The Company amended the Indi APA agreement in April 2022 in which all parties agreed to restructure the Milestone Payments whereby the Company would make five quarterly installments of $2.0 million each beginning in April 2022, three quarterly installments of $3.0 million beginning in July 2023, one installment of $5.0 million in April 2024, and one installment of approximately $8.4 million in July 2024. In addition, the Company agreed to an exit fee of approximately $6.1 million in October 2024. Interest accrued on the difference between the payment schedule as agreed in the August 2021 amendment and the April 2022 amended payment schedule, at an aggregate per annum rate equal to 10%, with such interest to be payable quarterly on the following installment payment date. The exit fee was paid on September 30, 2024, and the Company has no remaining obligations to Indi.
On November 21, 2022, the Company entered into a Credit Agreement and Guaranty (the Credit Agreement) with Perceptive Credit Holdings IV, LP (Perceptive) as lender and administrative agent (the Lender) for up to $50.0 million, with funding of $30.0 million and the issuance of warrants exercisable into 3,000,000 shares of the Company’s common stock occurring on November 21, 2022, and two additional contingently issuable tranches of $10.0 million each subject to certain terms and conditions, including revenue milestones. During the three months ended December 31, 2023, the Company met the conditions precedent associated with the Tranche B Loan and, on December 15, 2023, the Company exercised its ability to draw the Tranche B loan for $10.0 million (the Tranche B Loan). The Tranche C loan had a prior commitment date through September 30, 2024 and, as of that date, the Company did not exercise its ability to draw the Tranche C loan (see below for further details related to the Fifth Amendment).

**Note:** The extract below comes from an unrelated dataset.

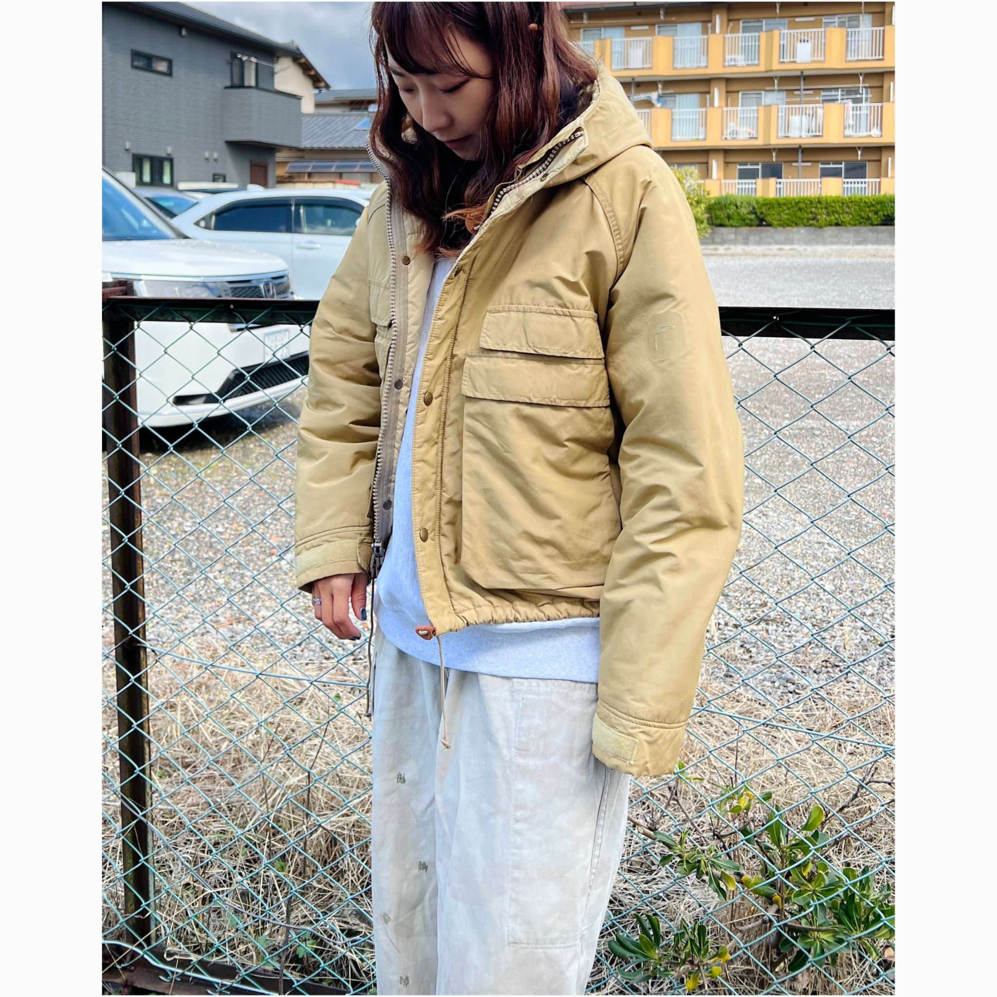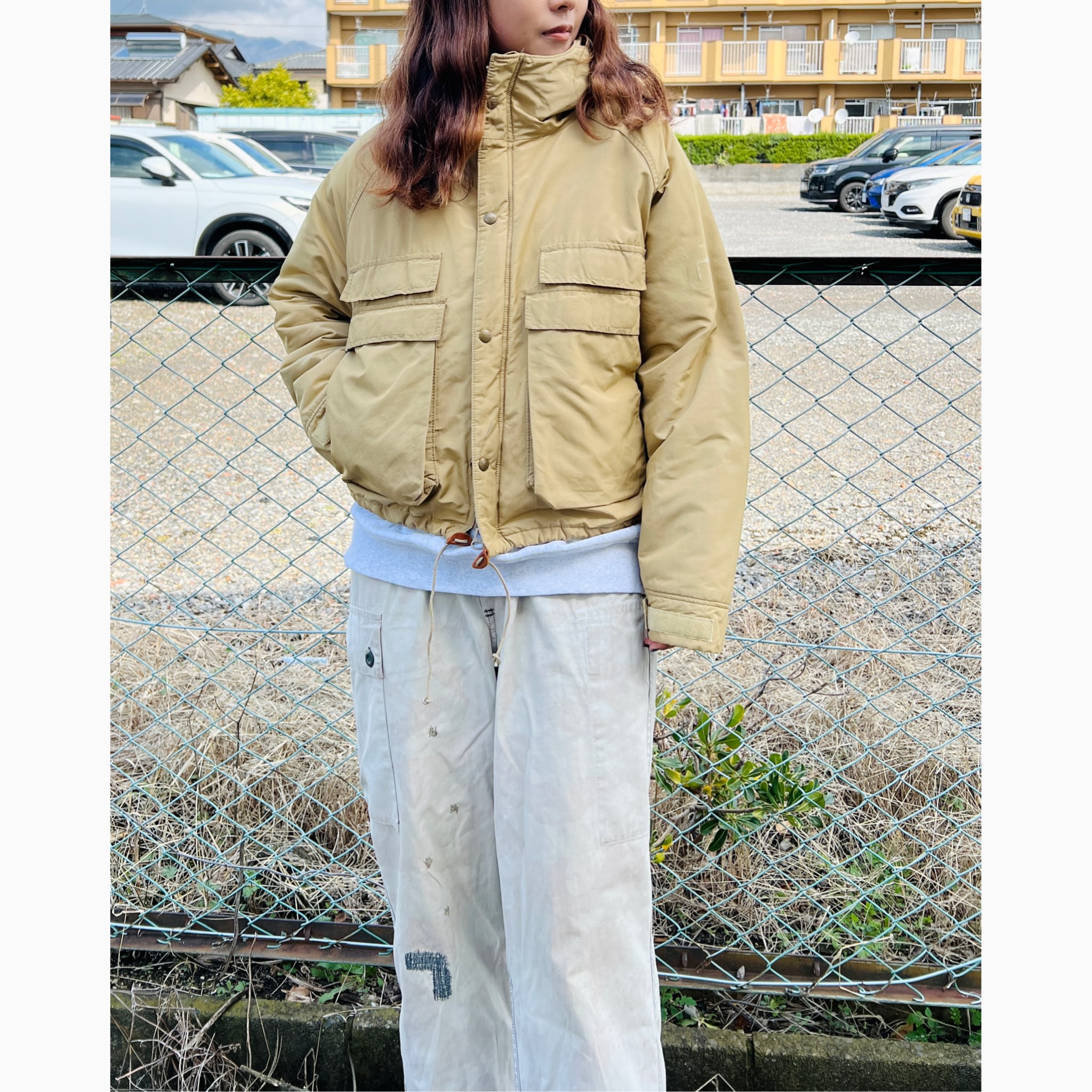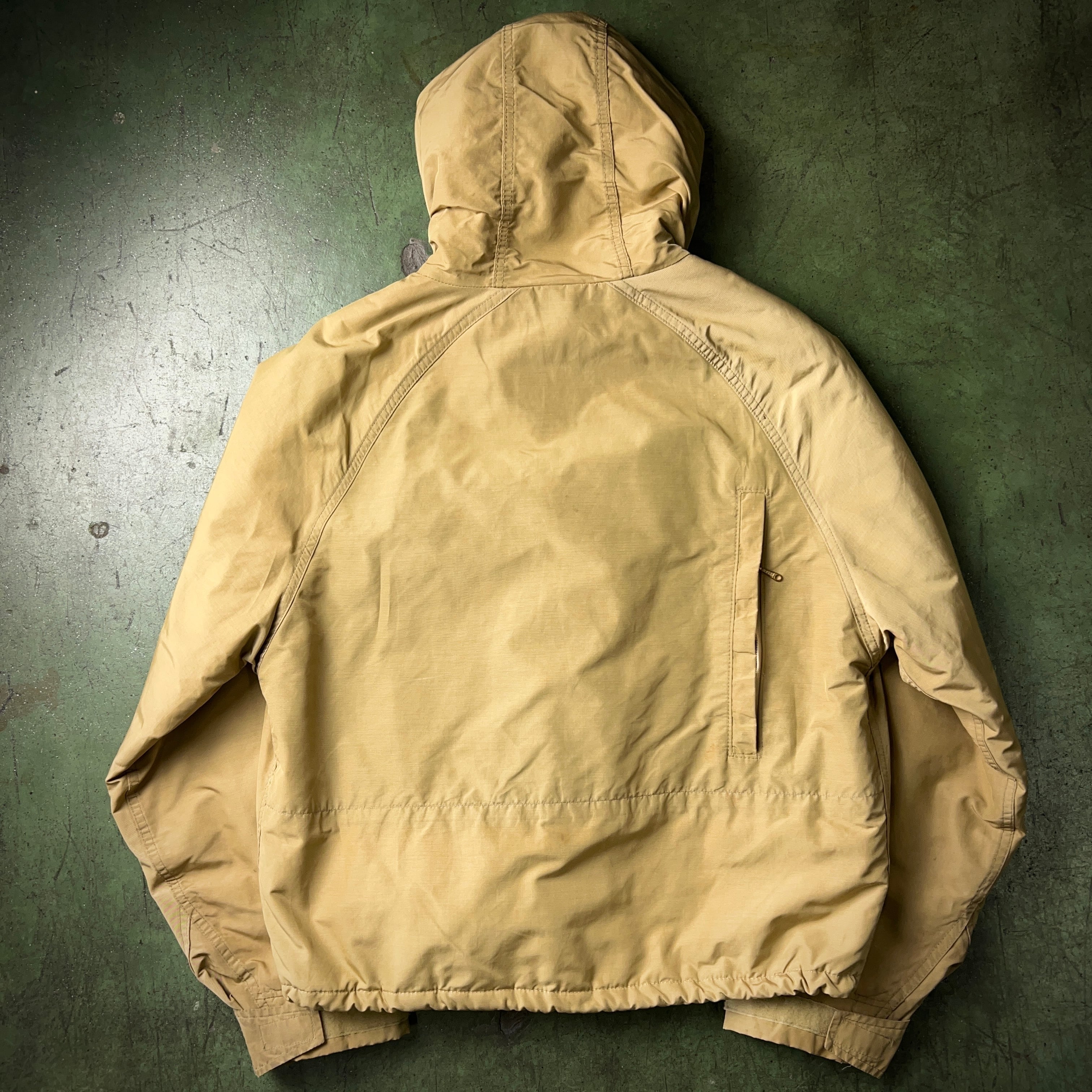80年代のクラシックなL.L.Beanマウンテンパーカをショート丈にカスタマイズ。下部に付いた大きいポケットを胸の位置に持ってくることでよりフィッシングジャケットらしさを出しています。

On February 29, 2024 (the Third Amendment Effective Date), the Company entered into the Third Amendment to the Credit Agreement (the Third Amendment) with Perceptive, whereby subject to the terms and conditions of the Third Amendment, the Minimum Net Revenue Covenant (as defined in the Credit Agreement) was amended to reduce the relevant threshold as of the last day of each fiscal quarter commencing on the fiscal quarter ended March 31, 2024 through and including the fiscal quarter ending December 31, 2025.
On April 9, 2024, the Company closed an underwritten offering of common stock and a concurrent private placement. Collectively, the Company raised net proceeds of approximately $51.3 million.

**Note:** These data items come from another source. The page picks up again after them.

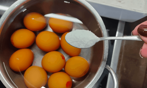 Яйца отварить вкрутую с добавлением соли (чтобы не лопнули).
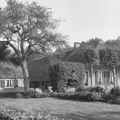 Typisch Veluws keuterijtje onder rieten wolfdak en met gepleisterde voorgevel, waarin een venster met luiken en negenruitsschuifraam. Waarschijnlijk vroeg 19e eeuws.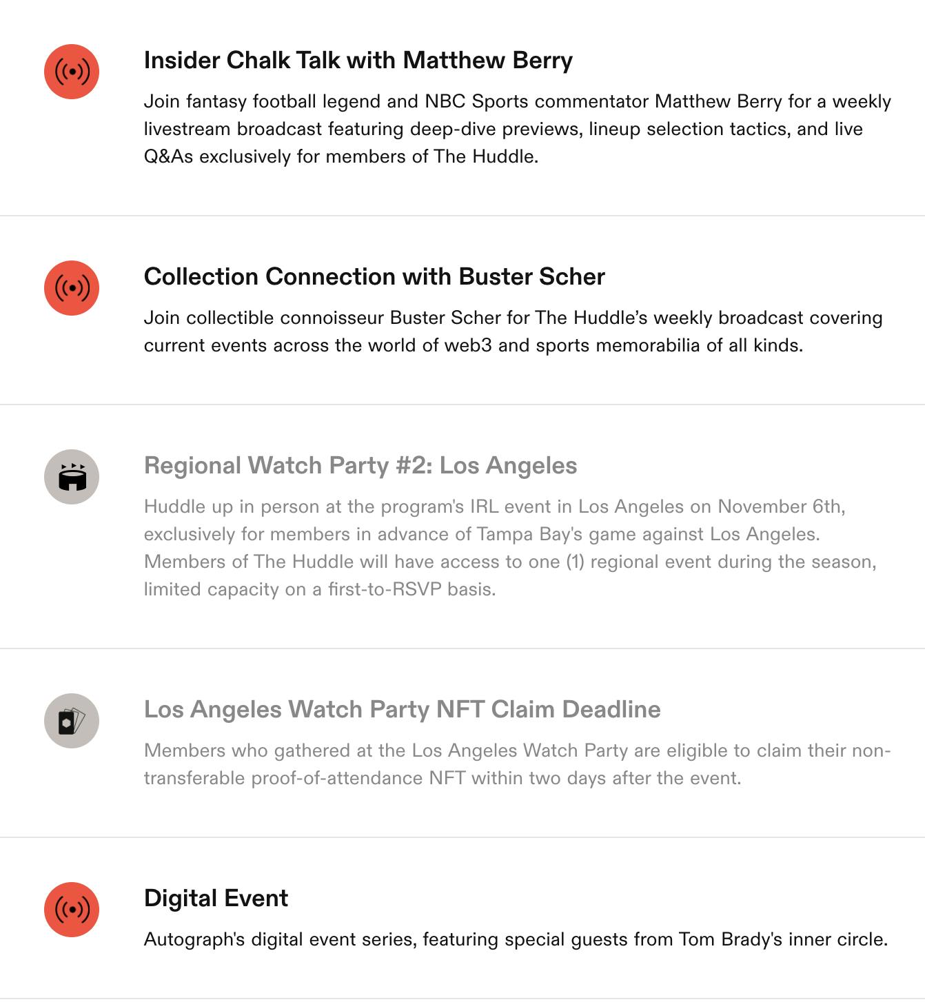 Members gain access to The Huddle by owning a Season Ticket NFT — a dynamic NFT that allows holders to participate throughout Tom Brady’s 2022-2023 season. The Huddle introduces offerings enabled by its token-gated structure, such as digital events, in-person gatherings, and custom merchandise. For example, these were some of the events from November 2022:

On October 30, 2024 (the Fourth Amendment Effective Date), the Company entered into the Fourth Amendment to the Credit Agreement (the Fourth Amendment) with Perceptive, whereby subject to the terms and conditions of the Fourth Amendment, the Minimum Net Revenue Covenant (as defined in the Credit Agreement) was amended to reduce the relevant threshold as of the last day of each fiscal quarter commencing on the fiscal quarter ending June 30, 2025 through and including the fiscal quarter ending December 31, 2027.
On November 1, 2024, the Company filed a shelf registration statement on Form S-3 and entered into a new sales agreement with a financial institution, pursuant to which the Company may issue and sell, from time to time, shares of its common stock having an aggregate offering price of up to $50.0 million, subject to terms and conditions (the 2024 ATM Program). The shares of common stock offered pursuant to the 2024 ATM Program will be offered and sold by the Company pursuant to its registration statement on Form S-3 which became effective with the SEC on November 12, 2024. Sales of common stock under the 2024 ATM Program, if any, will be made at market prices by methods deemed to be an “at-the-market offering” as defined in Rule 415 promulgated under the Securities Act of 1933, as amended, including sales made directly on the NASDAQ Global Market, or any other existing trading market for our common stock. In connection with establishing the 2024 ATM Program, the Company terminated its prior $50.0 million ATM program established in November 2021, and no additional stock can be issued thereunder. As of June 30, 2025, the Company had remaining available capacity for share issuances of up to $50.0 million under the 2024 ATM Program.